The echo chamber

You won’t read any of this in the US:

Robert Fisk: Madness is not the reason for this massacre
http://www.independent.co.uk/opinion/commentators/fisk/robert-fisk-madness-is-not-the-reason-for-this-massacre-7575737.html

Even if we accept that the accused legitimately doesn’t remember killing those people, that doesn’t change the act or what surely motivated the act. As the author states:

Surely, if he was entirely deranged, our staff sergeant would have killed 16 of his fellow Americans. He would have slaughtered his mates and then set fire to their bodies. But, no, he didn’t kill Americans. He chose to kill Afghans. There was a choice involved. So why did he kill Afghans?

The act is a product of the scenario, just like My Lai. When you ask people to engage in pointless violet acts (i.e., repeatedly invade the same territory to kick out the Taliban/VC, only to fall back and allow the Taliban/VC to reassert its influence) it is inevitable that they start to treat the local population they were intended to ‘liberate’ as the enemy. The troops can’t conceive that the locals see the troops as invaders and are emotionally more sympathetic to the Taliban/VC and in any case, the locals know with absolute certainty that if they assist the troops in any way, when the troops leave they will be immediately set upon by the returning Taliban/VC (it is rather eery how similar the two wars are). As such, when the troops come back time after time after time again (because their leaders are too stupid (or don’t care, but that implies the intelligence for a conspiracy to evolve) to realize what is happening) each time they have less and less regard for the locals until the magical point when the locals they are sent to ‘liberate’ become the enemy and such massacres become inevitable.

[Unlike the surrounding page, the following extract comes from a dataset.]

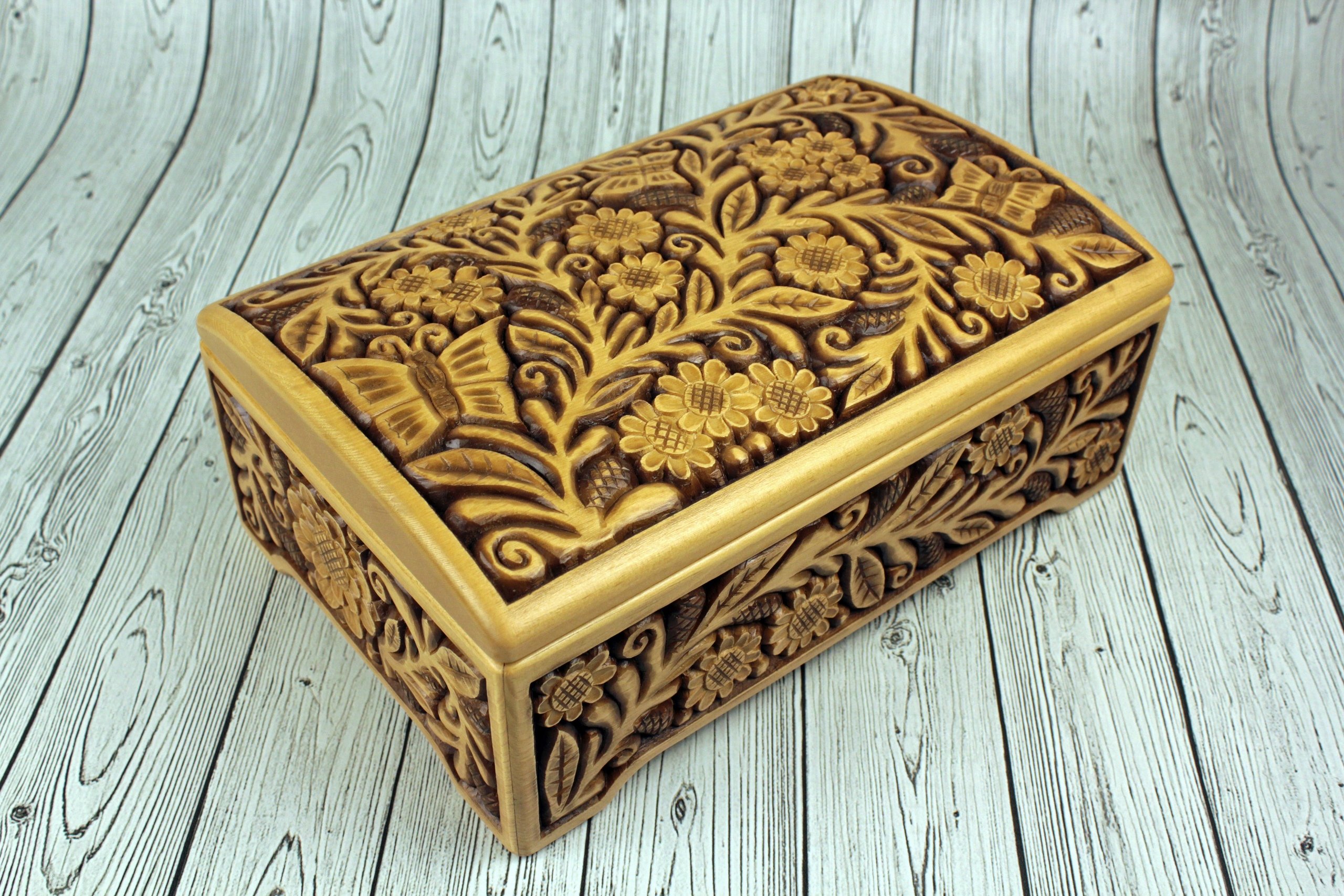 Деревянная шкатулка с резьбой
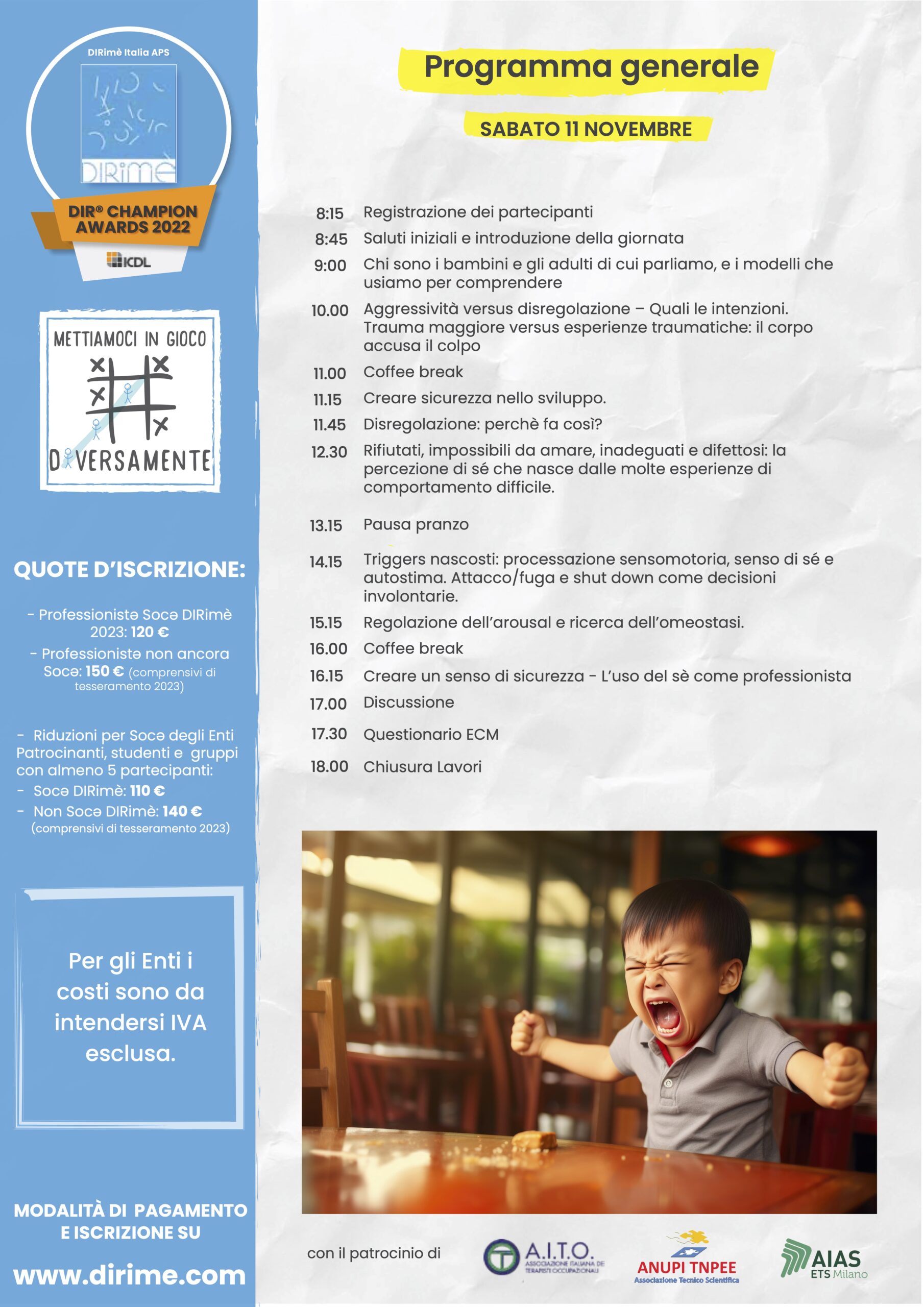 Approfondiremo come creare sicurezza nei momenti di stress e come gestire la nostra stessa reattività per supportare anche l’adultə di riferimento in interazioni sicure con lə bambinə.

My aunt (well, my wife’s mother’s best friend, but we all call her our aunt) was a nurse/spy for the US in Vietnam. Her job was to become associated closely with the local community so they would provide her with intel she could then direct back to the planners. She had some very narrow calls and had a lot of friends who wound up on the wrong side of that razor sharp line between the lucky and the dead, but she credits much of her success with forming close personal relationships with the locals (or at least that is how I interpret her stories). She was allowed, because of her ‘cover’ as a humanitarian, to continue engaging with the locals even as the tides of the war planners had the dividing line wash back and forth over the region. It was that, I believe, that enabled her relationship with the locals to be close enough that the locals would, at great personal risk (I can’t imagine them doing so if she wasn’t actually engaged in humanitarian work), warn her when it was time to get out of Dodge. Contrast that with the actions of the military. First and foremost, because they have no humanitarian ‘cover’ there is no doubt on the Taliban/VC part that warnings from the locals should result in reprisals. Second, the troops just show up (generally with a great deal of violence leading to so-called ‘collateral damage’), and then just disappear, they don’t establish deep personal involvement with the locals (if they did, they would be accused of ‘going native’ and no longer trusted by their own command and control). Each time the troops wash in and wash out they create increased bitterness on the local’s part because they know the Taliban/VC will enact reprisals even if they didn’t do a damn thing to help. Ordinary troopers really can’t be expected to react any other way, so these sorts of ‘unexpected, unpredictable’ events are actually the inescapable outcome from the moronic way our military works (as directed by our even more moronic politicians with absolutely no skin in the game whatsoever (driven, of course, by the military-industrial complex that stands to profit (and profit immensely) with the stagnation)).

So, like so many other ‘black swan events’ that are so unpredictable to the idiots who refuse to engage in even rudimentary historical analysis, the 9/11 attacks were completely unpredictable, so was the looting after invading Iraq and now the massacres by soldiers in Afghanistan. It must be great to live in such ignorance, yet be positioned to make such consequential decisions! So much easier to sleep at night not willing to be aware of the horrible things your decisions are going to cause. So much easier on the psyche to shout ‘no one could have known’ when the inevitable happens.